The Hundred of Melville is a cadastral unit of hundred in South Australia on the southern Yorke Peninsula. It is one of the 16 hundreds of the County of Fergusson. Proclaimed on 18 February June 1869, it was named after Lord Melville, First Lord of the Admiralty (chief of the Royal Navy) in the 1810s and 1820s.

The localities of Coobowie, Edithburgh, Honiton, Sultana Point and parts of Port Moorowie, Wool Bay and Yorketown are within the hundred boundaries.

==Local government==
The first local government body within the hundred was the District Council of Melville, formed in 1875 and comprising the Hundred of Melville and part of the Hundred of Moorowie. The Corporate Town of Yorketown, at the north of the hundred, seceded from Melville in 1879. Then, in 1882, the Corporate Town of Edithburgh in the east of the hundred also seceded from Melville.

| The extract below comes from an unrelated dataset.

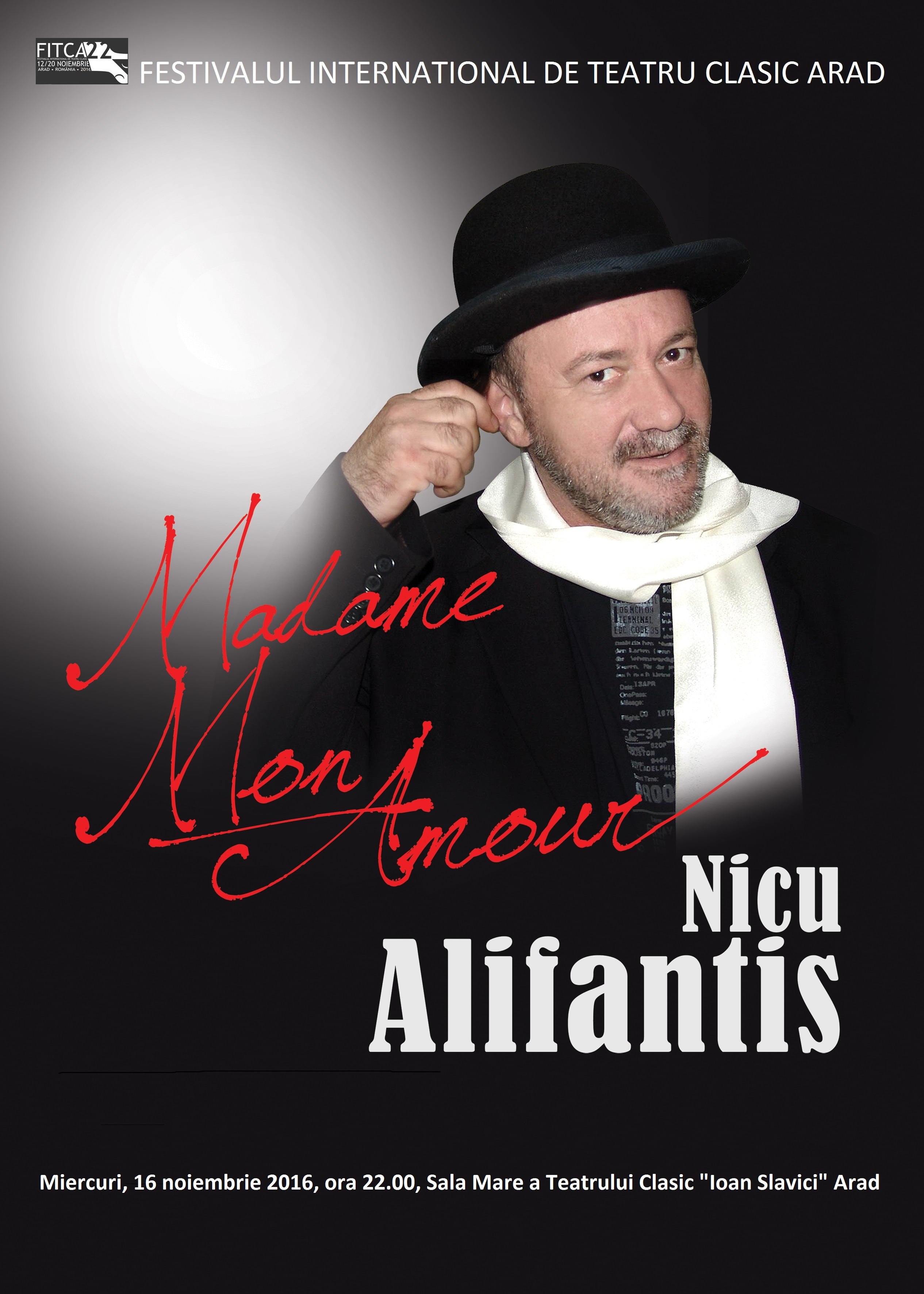 Miercuri, 16 noiembrie, ora 22.00, în Sala Mare a Teatrului Clasic „Ioan Slavici” din Arad, Nicu Alifantis va susţine un recital-manifest, un răspuns la întrebarea retorică a poetului Nichita Stănescu: „De ce te-oi fi iubind, femeie visătoare, care mi te-ncolăceşti ca un fum…”. L-a numit sugestiv Madame Mon Amour, pentru că este o poveste de dragoste spusă în diferite feluri, ritmuri, graiuri, sonorităţi neaşteptate, aidoma unui mozaic. Un concert dedicat femeii, dragostei şi prieteniei.

In 1932 Melville council was abolished and the south-west portion in the Hundred of Melville was combined with the District Council of Dalrymple and the Corporate Town of Yorketown to form the new District Council of Yorketown. The Town of Edithburgh was annexed by Yorketown council circa 1980, bringing the hundred back under local governance of a single body for the first time since 1879. In 1997 Yorketown council amalgamated with councils to the west and north to form the much larger Yorke Peninsula Council.